Coriolano took the bottle, hid it quickly and stood in the anteroom, shouted:

"A doctor!... run for a doctor."

Donna Gabriella had fallen with her head back on top of a chair and Blasco had just had time to stop her from freaking out on the floor. By raising her head with her arm, by taking her hand, she shook it, questioning her anxiously:

"What's wrong with you?... What did you do? Talk!... My God! Speak!..."

Violante with her hands joined, with his eyes dilated by fear, she could not speak a word; she looked at Gabriella, Blasco, and Coriolano, with a mad terror, while Coriolano said a few words of comfort. A cry received her, gave her the exact perception of the tragedy.

"Coriolano!... Coriolano!... She dies!..."

Then Violante burst into tears, and falling to her knees exclaimed:

"God... God...! Have mercy on her!"

Donna Gabriella raised her head; her eyes wandered looking, they sat on Blasco, over Violante, then filled with tears; her lips murmured:

"Forgive me!... Farewell!..."

"Gabriella!... Gabriella! No! no!" shouted like a madman Blasco.

"Ma'am! ma'am!..." he was sobbing Violante.

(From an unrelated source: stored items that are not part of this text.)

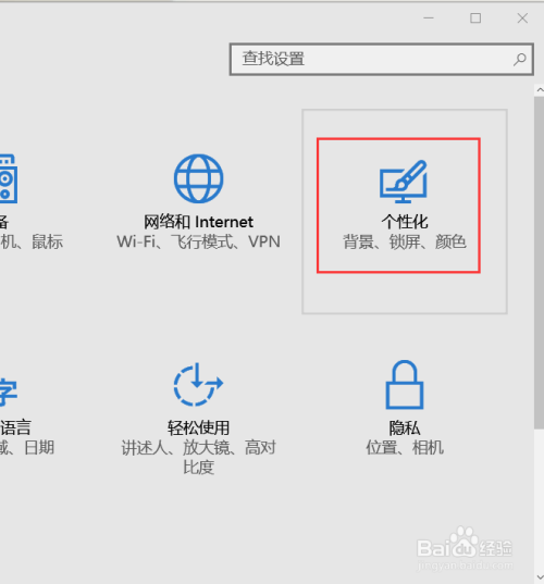 在打开的设置页面中,选择“个性化”菜单页面,在该页面中我们可以设置系统本家儿题以及其他设置项目。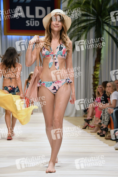 Model bei der Fashion Show der neuen Damen Beachwear Kollektion 2019 von ALDI Süd im Haus der Kunst. München, 28.05.2019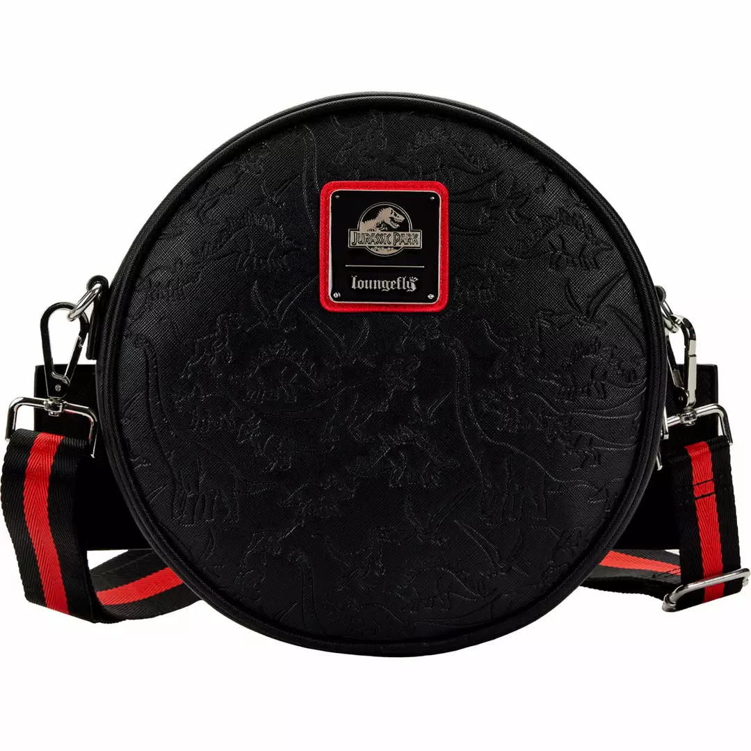 Prepare for any adventure with this Jurassic Park Logo Crossbody Bag. Carry this bag with you to transform even the most mundane journeys into fun-filled excursions on a larger-than-life scale. On this sphere-shaped bag, the words Jurassic Park stretch out over the central image, which displays Jurassic Park’s signature Tyrannosaurus Rex in shadow form, looming over a forest, against a fire-orange sky.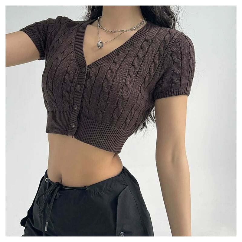 cable knit short length short sleeve knit cardigan la2847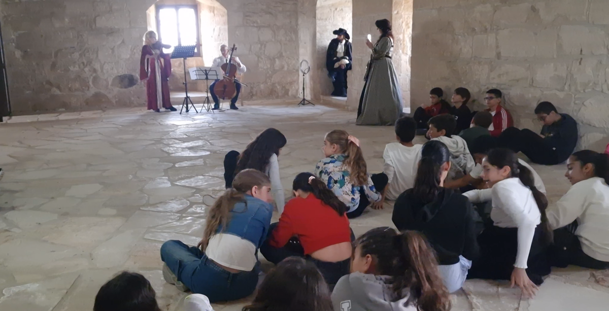 The musician, dressed in medieval attire, introduces the students to the music of the era and performs some pieces using various instruments: flutes of different sizes, bagpipes, small guitars. The performance alternates between explanations and musical pieces. Students have the opportunity to ask questions, which the expert answers.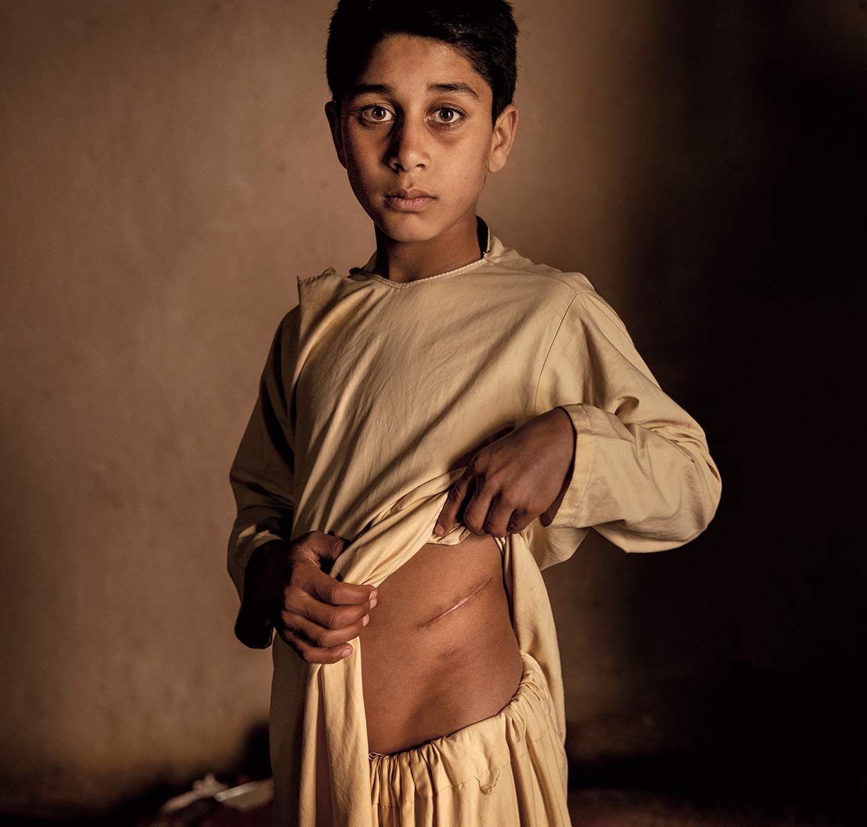 Los padres de Khalid (en la foto de arriba) no tenían dinero para alimentar a sus once hijos, así que en un intento desesperado por salvarlos vendieron el riñón de uno de ellos. El del padre no lo quisieron, por viejo. Khalid era muy bueno jugando al fútbol. Ahora tiene dolores y ha perdido fuerza. La familia recibió 3500 dólares (la mayoría, para pagar deudas); una suma que su padre tardaría años en ganar en caso de tener trabajo. La renta media anual del países de 500 dólares.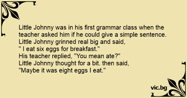 Little Johnny was in his first grammar class when the teacher asked him if he could give a simple sentence.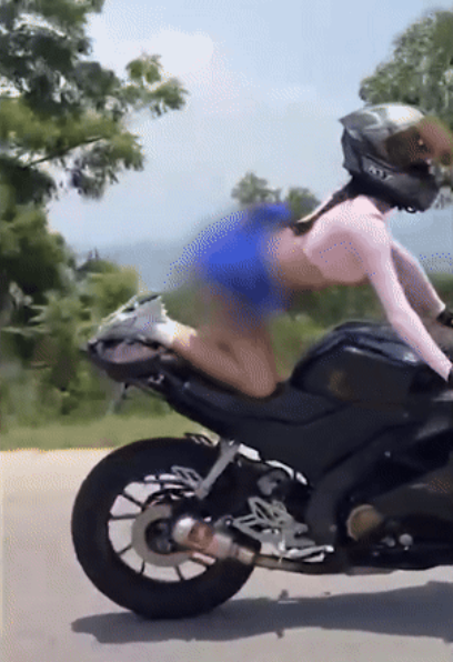 กลัวไม่ไวรัล! สาวขี่บิ๊กไบก์ "ท่ายาก" ยกบั้นท้ายโต้ลม สุดหวาดเสียว จนต้องไปพบตร.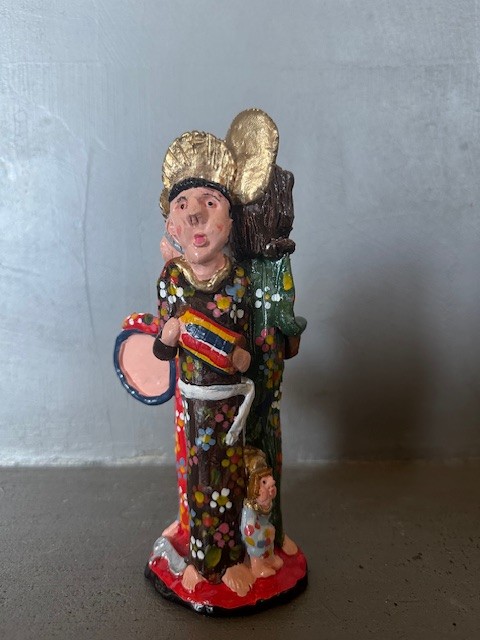 • Estátua colorida de figura humana com roupa florida e chapéu dourado, segurando tambor vermelho, com outra figura pequena ao lado.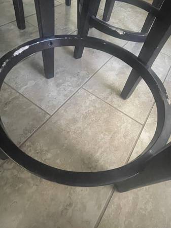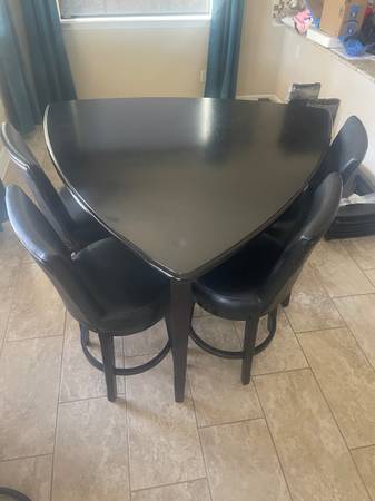 Dining table 6 seater. Dark wood. Has some damage to the bench and bottom of chairs as shown in pics.

Donna Gabriella made an effort, raised her arms, searched for the head of Violante and laid a hand there; she looked for Blasco's and for a minute her cold hands, crossed by a thrill of death, lingered on those two curved and convulsive leaders. She repeated in a breath:

"At least... remember me..."

A guizzo waved his body; a scream tore his chest...

And she lifted up the head of Blascus, and his lips sought him, and whispered,

"Goodbye!... kiss me!..."

Blasco kissed her crying, repeating:

"What did you do?... What did you do? Why?..."

"It was necessary!" she said.

They were her last words; her limbs wrinkled in a spasm, her lips wounded, her eyes faded; one last streak of the body and then nothing.

Blasco bent on his knees, looked at her face, shouted again.

Violante's gasps covered his voice. They remained knees, leaning upon that body that was half an hour before vibrating with life and beauty.

Coriolano wiped with a piece the lips that no longer smiled, closed the eyes that no longer saw, and laid a kiss on the forehead from which they had fled and forever dreams, thoughts and pains.